鎗ヶ崎の交差点㉛
年末年始に夫の実家に行くと智花は体調を崩した。夫は田舎のそれなりの家庭の長男で親戚も多かった。次から次へと家に訪れる客の相手や、母親の圧力や全く知らない土地での緊張で身体に偏重をきたしてしまったのだ。しかし彼女は気丈にも、いわゆる嫁いだ嫁の仕事を休まなかった。
昔の人間ならそんなことは当たり前なのだろう。相手の実家に行って嫁が甲斐甲斐しく働くのは当然だと言われて、体調など崩したものならダメな嫁の烙印を押される。
しかし僕らの世代にはそんな文化は存在しない。特に僕と知花は東京育ちで親戚も多くなく、ましてやお互いに親が離婚していた。親戚の集まりなど子供の頃でもほとんどなかった。

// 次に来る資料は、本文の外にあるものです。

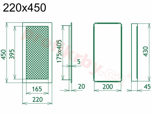 | Rozměr mřížky ( venkovní rozměr rámečku) (mm) | 220x450 mm |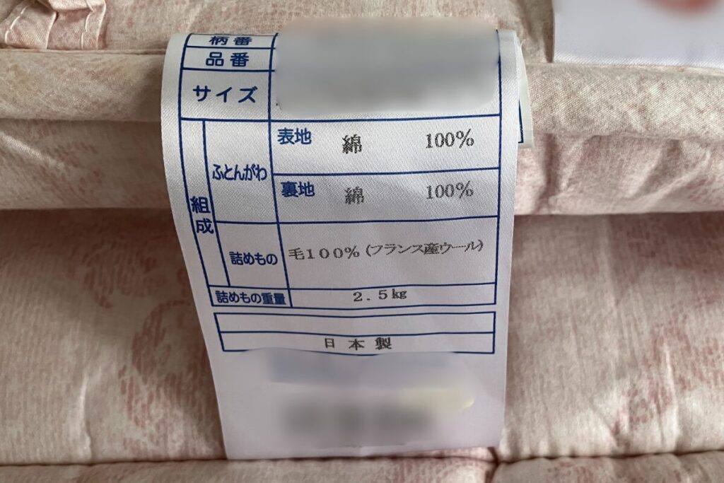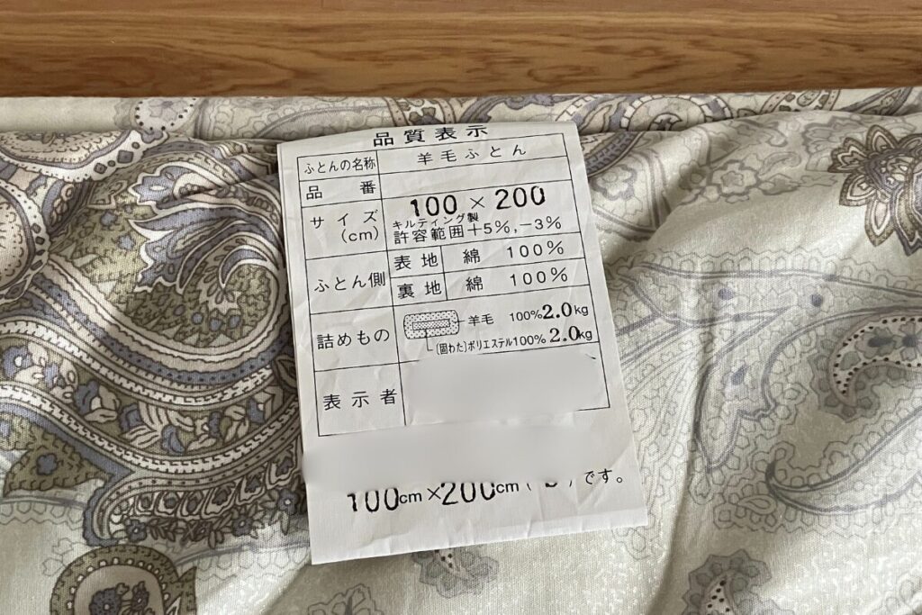 一般的なモデルは詰め物重量が4.0kg程度なので、今回購入した2.8kgモデルは1.2kgほど軽いです。

知花の親も離婚していると聞いたのは、初めて彼女を抱いた夜のことだった。夫との帰郷への不安を話す中で彼女が何気なく言ったのだ。
「うちはお父さんとお母さん離婚してるから。大家族とかちょっと苦手で」
僕はその話を聞いた時、やはり僕と知花は運命なのだと確信した。同じ地域で同じ境遇の中で育った僕らは価値観が同じなのだ。だからこそ上手く行くと。まだ離婚をすると知花が言ったわけでもないのに、僕は夫との終わりを勝手に決めて約束もされていない未来を夢描いていた。
夫の実家に行っている間、知花は僕に毎日のように連絡をしてきた。僕は大晦日も正月も関係なく、知花からの連絡を待った。そして連絡が来ると昼夜問わず返信をしてなるだけ優しい言葉をかけた。
知花に様々な想いがあったことは想像に固くない。夫婦関係が上手くいっていなかったとは言え、まだ結婚をしている身で僕と関係を持った。そこに罪悪感がないわけがなかった。
そんな中で体調を崩しながらも相手の親や兄弟と会い、何日間も一緒に過ごすのはとても辛かったはずだ。だから僕は、せめてラインの中だけでも知花に寄り添っていたかった。
「大丈夫?」と聞くと、いつも親戚が寝静まった夜に返信が返ってきた。
「うん。どうにか。でも頑張る。帰ったら会おうね」
「無理しないように。君は誰よりも頑張っているから」
「ありがとう。早く帰りたい」
こんなやり取りを毎日しながら知花の帰りを待ちわびていた。
七草が終わった頃にやっと知花が帰ってきた。しかし店がすぐに始まり外で会う事は出来なかった。その代わりに僕は毎日のように知花の店に赴いた。外に行けなくても、まだ年明けで空いている店内で彼女と過ごせるだけで幸せだった。
そしてまた普通の週末がやってきた。知花は店が終わると当たり前のように僕の家に来て、好きなドラマを一緒に見てワインを飲んだ。そしてその後は抱き合った。
僕の有休消化が終わる一週間前には毎日一緒に過ごした。
「もうお休み終わりでしょ?だからこの一週間だけ毎日会おう」
知花がそう言ってくれたのだ。しかしいつも、彼女は朝の五時には家に帰って行った。母親か夫が子供を見ていて、店の営業時間も夜中までとは言え、昼に帰るわけにはいかない。
朝方でも遅いが、知花は店の仕込みがあると言って僕との時間を作ってくれていた。
僕達が過ごせる時間はいつもとても短かった。しかしそれでもよかった。たった数時間でもその時間は濃密だった。二人で飲んだワインボトルが家に溜まっていくのを見ては、僕はいつも一緒に過ごした時間が増えていくことに幸せを感じていた。
僕らはいつも抱き合いながら様々な話をして朝を迎えた。
「いつかまた京都に行こう」
「いつか海外旅行にも行こう」
今の状況を脱すればできるかもしれないことを二人で明け方まで語り合った。この時の僕達は確実に同じ未来をみていて、短い時間を過ごした朝でさえも、次に会える時間が近づいたと互いに喜びを感じていた。